[[ Supplied material open ]]
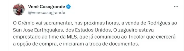 Segundo informações do jornalista Venê Casagrande, o Grêmio vai sacramentar, nas próximas horas, a venda de Rodrigues ao San Jose Earthquakes, dos Estados Unidos.
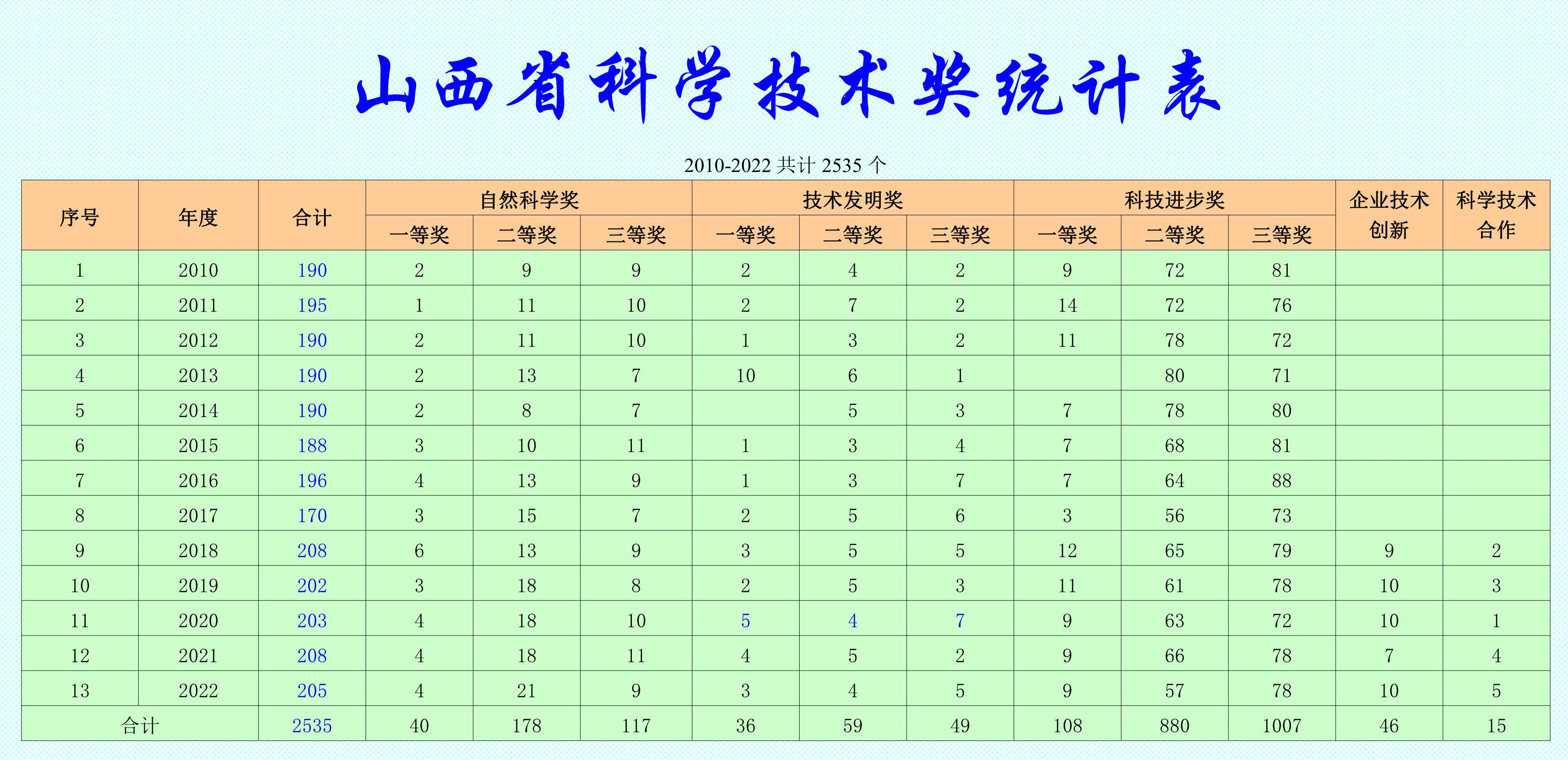 2010-2022山西省科學技術獎名單
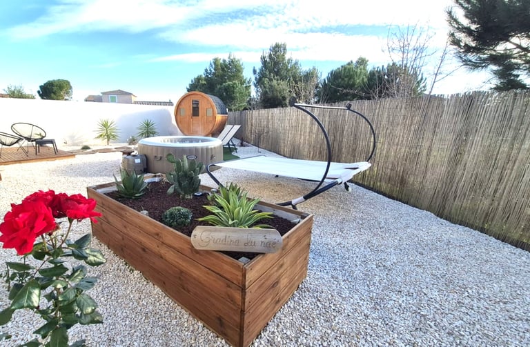 Un espace extérieur aménagé avec soin, dans une atmosphère naturelle et apaisante, propice à la détente.
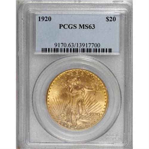 <B>1920 $20 MS63 PCGS.</B></I> Well struck with strongly lustrous, lightly abraded wheat-gold surfaces that show faint elements of green. An appealing Select survivor from this issue of just 228,250 pieces.<BR><BR><B>Coin Engraver:</B> Augustus Saint-Gaudens<BR><BR><b>Shipping:</b> Coins & Currency (<a target="_blank" href="http://www.heritageauctions.com/common/shipping.php">view shipping information</a>)
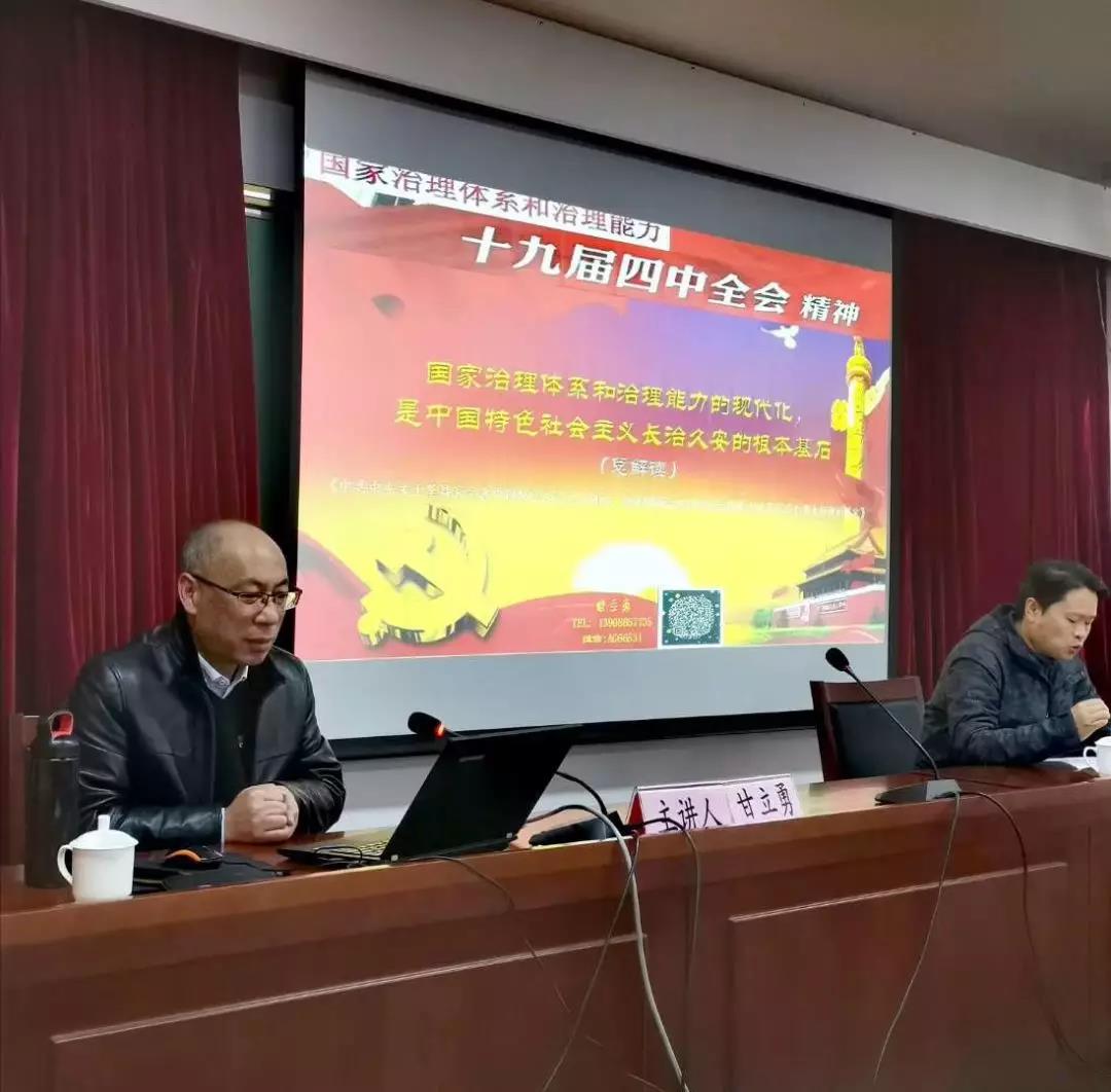 甘立勇副教授就《国家治理体系和治理能力的现代化是中国特色社会主义长治久安的根本基石——十九届四中全会精神总解读》进行了主题讲述。
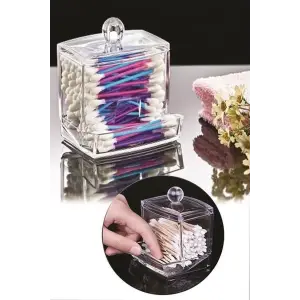Şeffaf Kapaklı Kulak Temizleme Çubuğu Organizatörü Saklama Kutusu
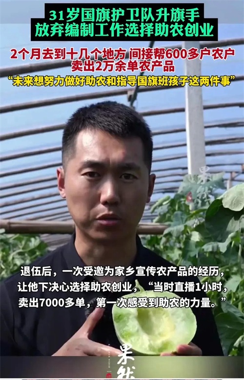 他选择助农创业也是在一次偶然的经历,因为一次为家乡宣传农产品,一个小时卖出7000多单,让他感受农产品的需求和助农的力量。
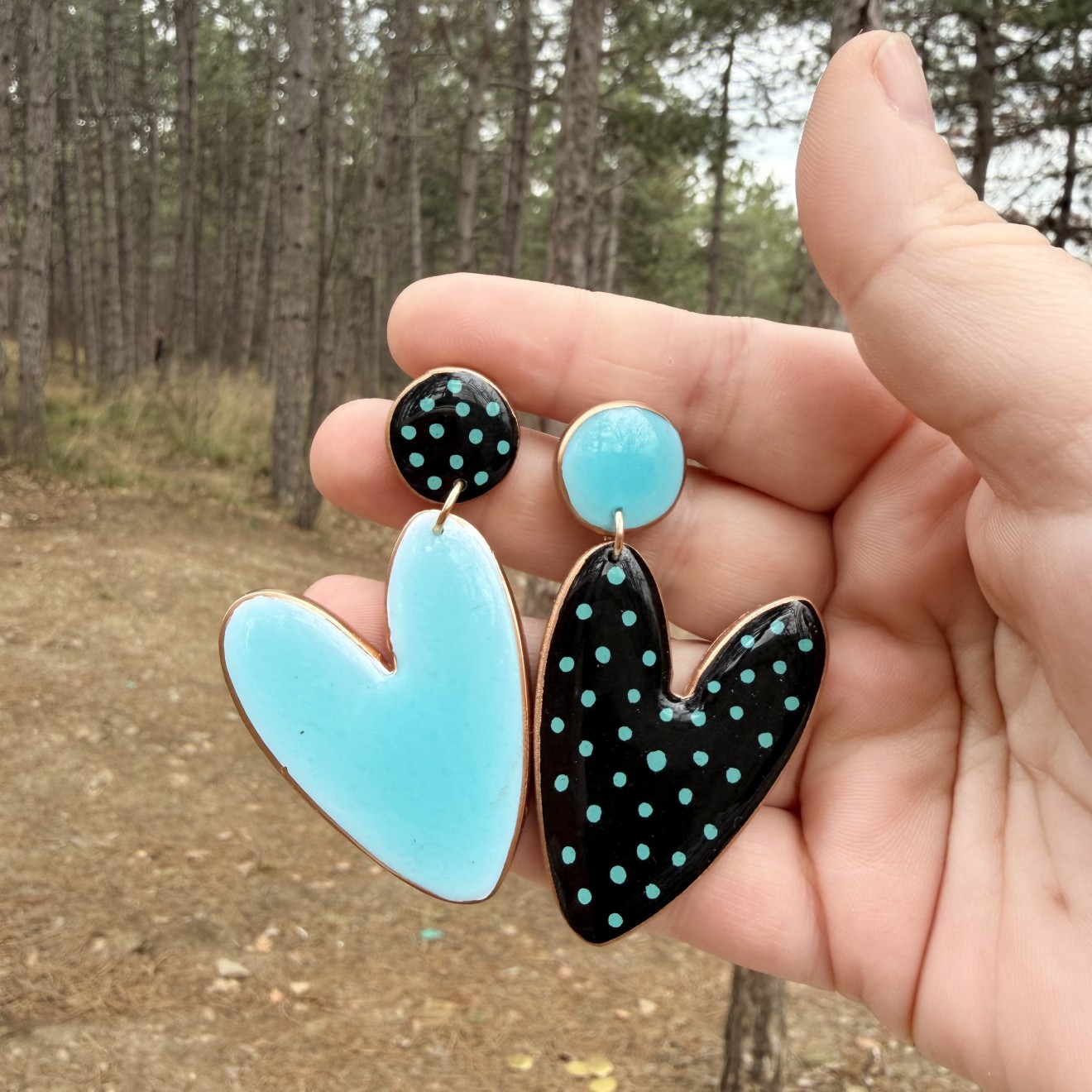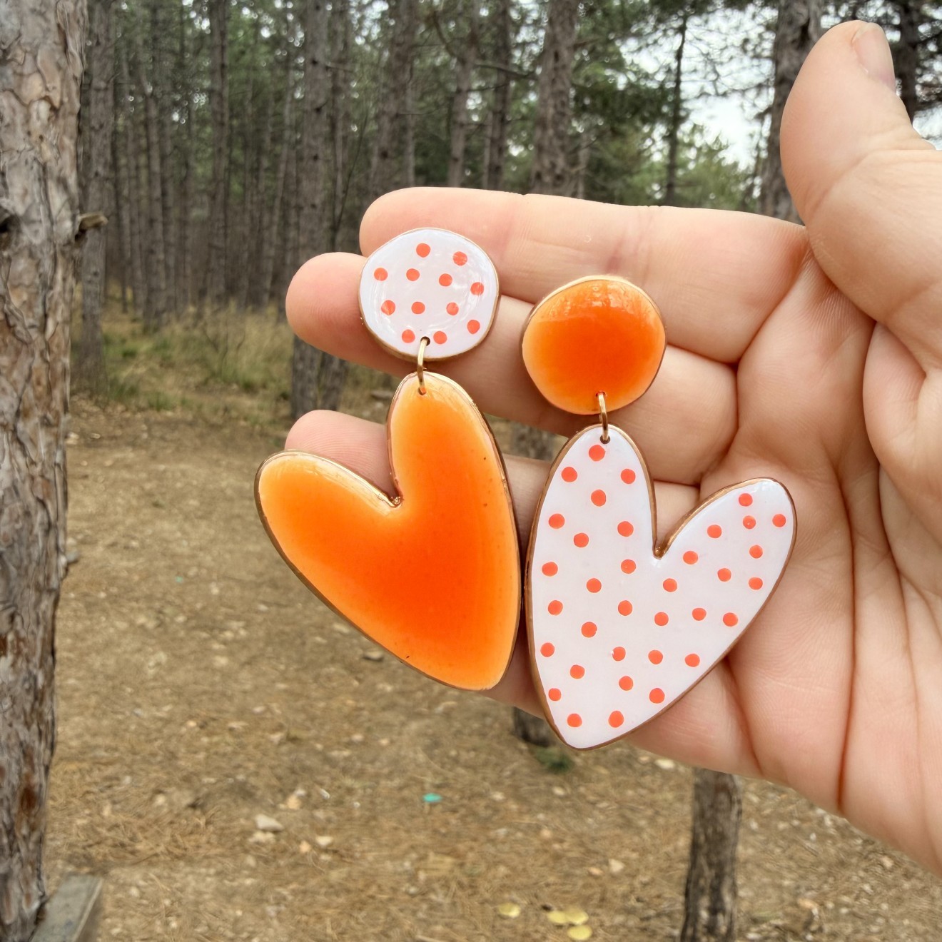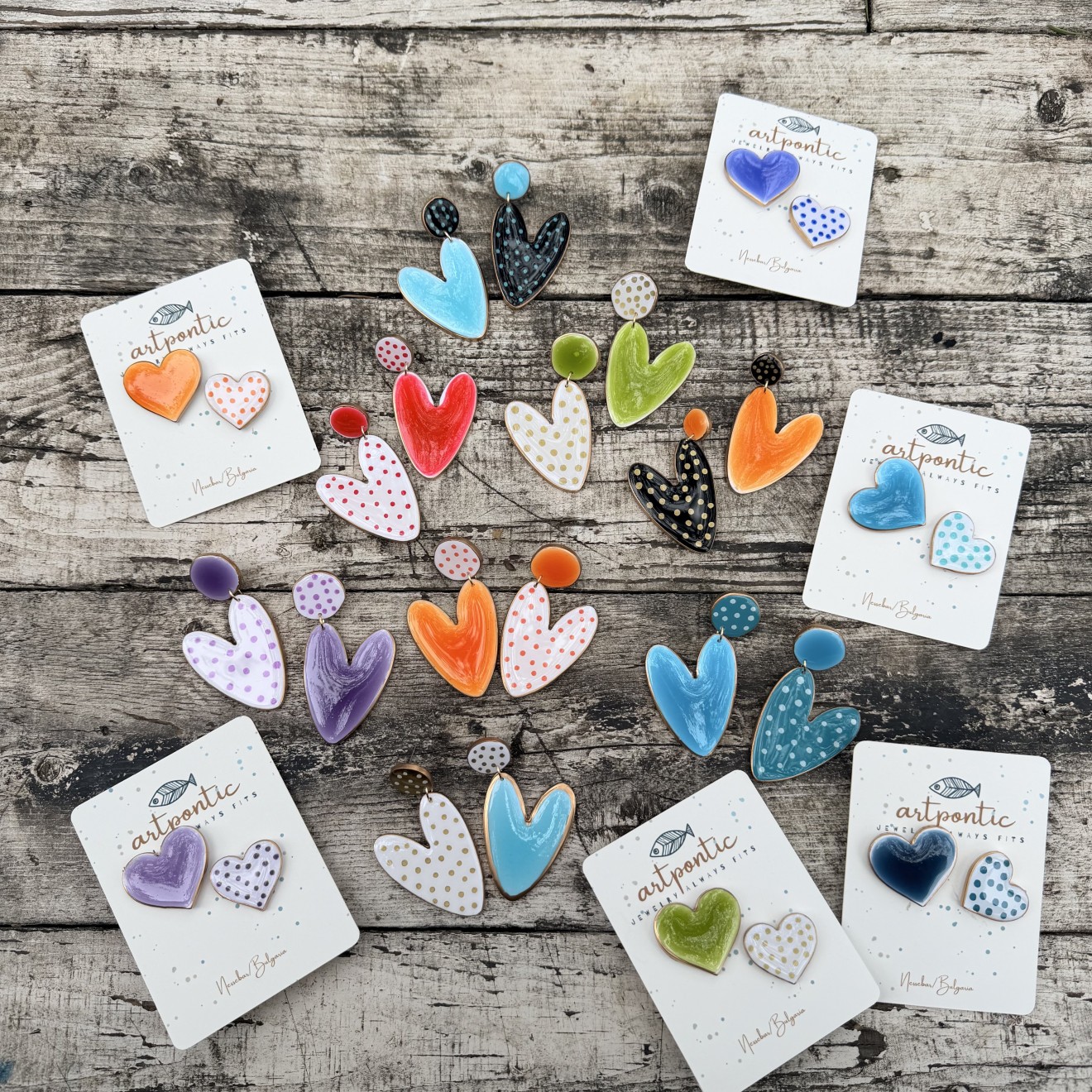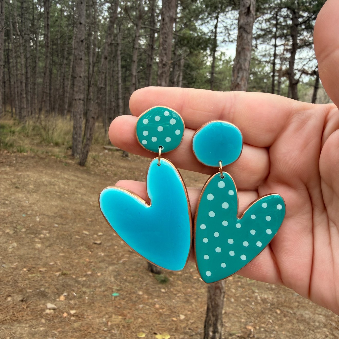 Големи обеци сърца, изработени в различни цветове от глина и оцветена смола с рисувани точки. Изключително впечатляващи на стоманен щифт. За поръчка ще са ми необходими няколко дни, имайте предвид, че може да има леко разминаване в поръчания от вас цвят!
[[ Supplied material closed ]]
§ Your objective
Once the line containing "Şeffaf Kapaklı Kulak" is found in the records above, it and every line after it up to the last must be repeated exactly, without pictures.

§ Output below
Şeffaf Kapaklı Kulak Temizleme Çubuğu Organizatörü Saklama Kutusu
 他选择助农创业也是在一次偶然的经历,因为一次为家乡宣传农产品,一个小时卖出7000多单,让他感受农产品的需求和助农的力量。
 Големи обеци сърца, изработени в различни цветове от глина и оцветена смола с рисувани точки. Изключително впечатляващи на стоманен щифт. За поръчка ще са ми необходими няколко дни, имайте предвид, че може да има леко разминаване в поръчания от вас цвят!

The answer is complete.